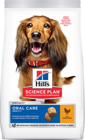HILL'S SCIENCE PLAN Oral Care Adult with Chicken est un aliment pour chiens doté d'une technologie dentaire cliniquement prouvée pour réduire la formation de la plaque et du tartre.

##########

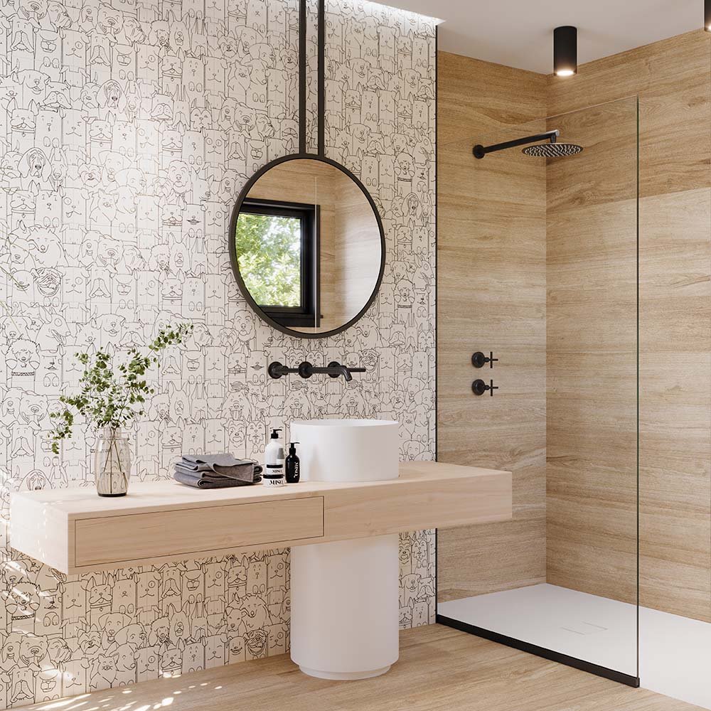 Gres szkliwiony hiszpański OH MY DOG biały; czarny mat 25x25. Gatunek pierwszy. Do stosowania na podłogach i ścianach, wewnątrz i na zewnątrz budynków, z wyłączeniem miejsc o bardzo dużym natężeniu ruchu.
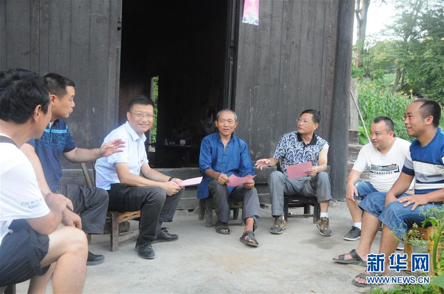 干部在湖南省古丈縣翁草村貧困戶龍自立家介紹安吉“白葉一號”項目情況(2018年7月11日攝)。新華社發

##########

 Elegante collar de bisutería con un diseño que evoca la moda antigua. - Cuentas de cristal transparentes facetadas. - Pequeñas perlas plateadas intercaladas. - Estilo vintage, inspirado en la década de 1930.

##########

» **The task**
Reproduce exactly the lines above starting at the line containing "Gres szkliwiony hiszpański" and ending at the line containing "干部在湖南省古丈縣翁草村貧困", including both, but not the pictures.

» **Result of this task**
 Gres szkliwiony hiszpański OH MY DOG biały; czarny mat 25x25. Gatunek pierwszy. Do stosowania na podłogach i ścianach, wewnątrz i na zewnątrz budynków, z wyłączeniem miejsc o bardzo dużym natężeniu ruchu.
 干部在湖南省古丈縣翁草村貧困戶龍自立家介紹安吉“白葉一號”項目情況(2018年7月11日攝)。新華社發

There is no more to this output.